Ujian Nasional Jangan asal Bangkit, Perhatikan Hal Ini!
Oleh: Agustian Deny Ardiansyah, S.Pd.
Semenjak Abdul Mu’ti menggantikan Nadim Anwar Makarim sebagai Menteri Pendidikan Republik Indonesia santer beredar tentang isu kembalinya ujian nasional (UN) kesistem pendidikan kita.
Bila merunut penghetiannya, tahun 2020 merupakan tahun terakhir dilaksanakannya UN yang kemudiaan diganti dengan Asesmen Kompetensi Minimum (AKM) dan Survai Karakter pada tahun 2021.
Salah satu alasan utama UN dihentikan adalah karena materi UN dianggap terlalu padat sehingga fokus siswa cenderung menghafal dan tidak linier dengan kompetensi belajar.
Selain itu UN dihentikan karena hanya fokuskan pada aspek kognitif saja sehingga menimbulkan beban stres pada guru, siswa dan orang tua.
Saat ini jika kita menelusur pada awal penghentian UN, sudah hampir 5 tahun peserta didik di berbagai jenjang pendidikan dasar dan menengah tidak melaksanakan UN.
Lalu apa dampaknya? Jika harus mengulas maka ingatan saya terhampar suasana ketika akan menjelang UN tingkat SD/MTs/SMP/MTs dan SMA/Ma sederajat.
Waktu itu memang ada pengetatan belajar baik dari orang tua atau sekolah. Seingat saya ada istilah jam ke-0 yang dilakukan dari jam 06:00 – 07:00 Wib atau penambahan jam setelah pulang sekolah.
Kegiatan itu dilakukan dengan membahas soal-soal UN bersama dengan guru mata pelajaran yang diujikan.
Bahkan saya masih ingat ketika Bapak membelikan buku “detik-detik UN” agar saya lebih banyak berlatih soal-soal serta menguasai materi untuk persiapan UN.

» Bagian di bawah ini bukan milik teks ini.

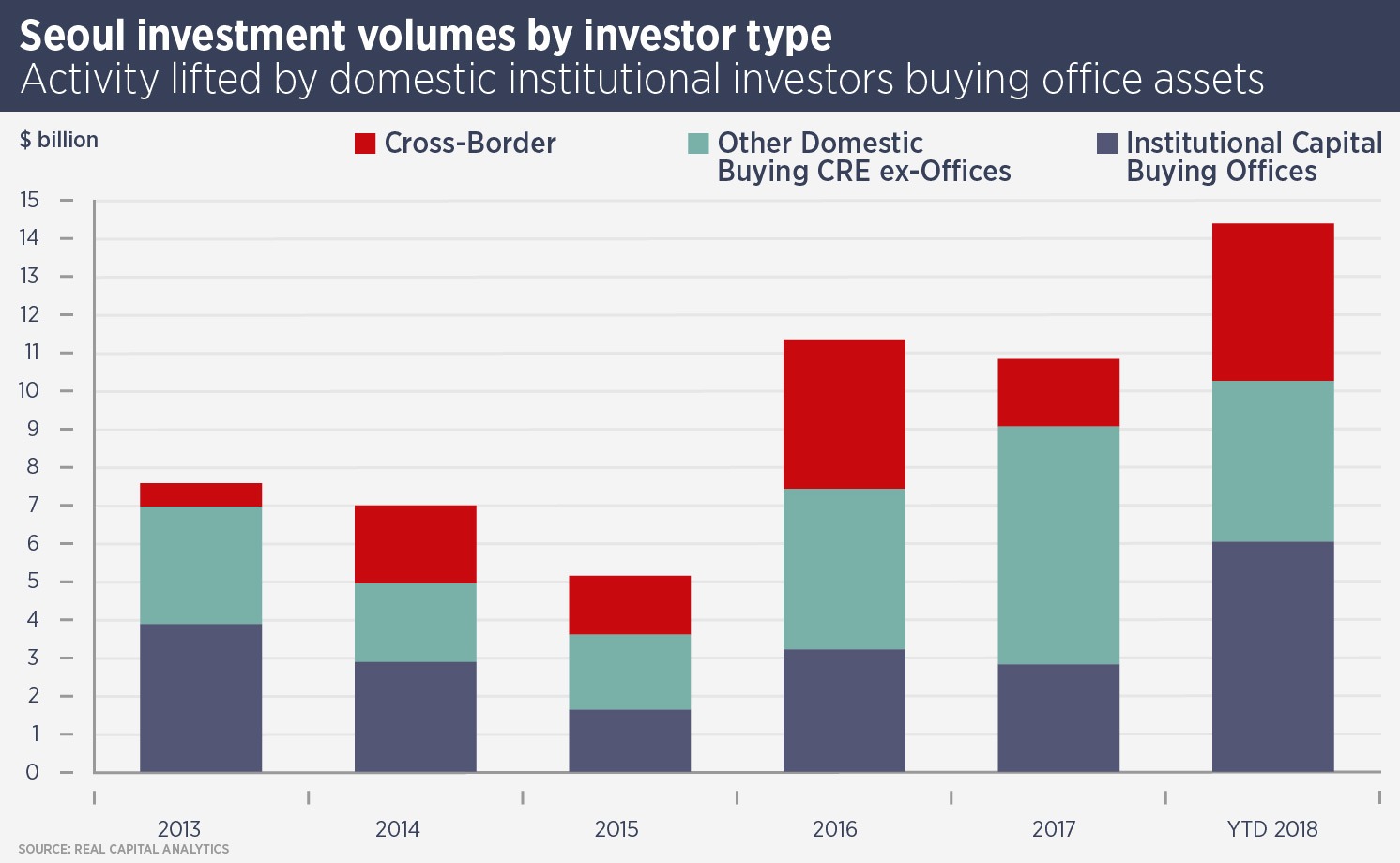 Commercial real estate transaction volumes in Seoul rose 79% to more than $14bn in the 12 months to the end of September, Real Capital Analytics data show, driven largely by domestic investors buying offices.

Hasilnya, UN dari tingkat SD, SMP dan SMA dapat saya lewati tanpa ada kecurangan dan murni dari hasil belajar baik bersama dengan guru, rekan dan orangtua.
Memang nyatanya dari tiga fase UN yang saya lewati tidak satupun dari hasil membeli kunci jawaban atau soal seperti banyak diberitakan saat UN waktu itu.
Lalu bagaimana kondisi tanpa ujian nasional? Ketika ujian nasional ditiadakan oleh Mas Menteri pada tahun 2020 sebagai seorang guru saya menemui beberapa fenomena yang terjadi kepada siswa.
Fenomena tersebut lebih kepada “motivasi belajar siswa yang rendah” karena dalam pikiran siswa ketika sudah mengikuti segala kegiatan sekolah sudah pasti lulus, karena kelulusan ditentukan oleh sekolah.
Selain itu “pembelajaran tidak memiliki arah yang jelas” karena buku teks dan capaian belajar selalu berubah ubah, bahkan dalam satu semester pernah mengalami 2 kali revisi sehingga harus mengupdate materi pembelajaran siswa.
Lebih parah “karakter siswa kepada rekan dan guru mengalami kemerosotan” hal itu dapat dilihat dari banyaknya kasus-kasus yang terjadi di sekolah.
Indokator itu dapat dilihat dari meningkatnya kasus perkelahian antar siswa (bullying) atau ketidakpedulian siswa kepada guru, semisal hilangnya budaya “menghormati guru”.
Terakhir yang saya amati adalah “hilangnya kepedualian orangtua terhadap budaya belajar anak”, sepertinya ketika indikator utama semisal UN dihilangkan orangtua tidak memiliki daya tekan kepada anak untuk meminta anaknya belajar.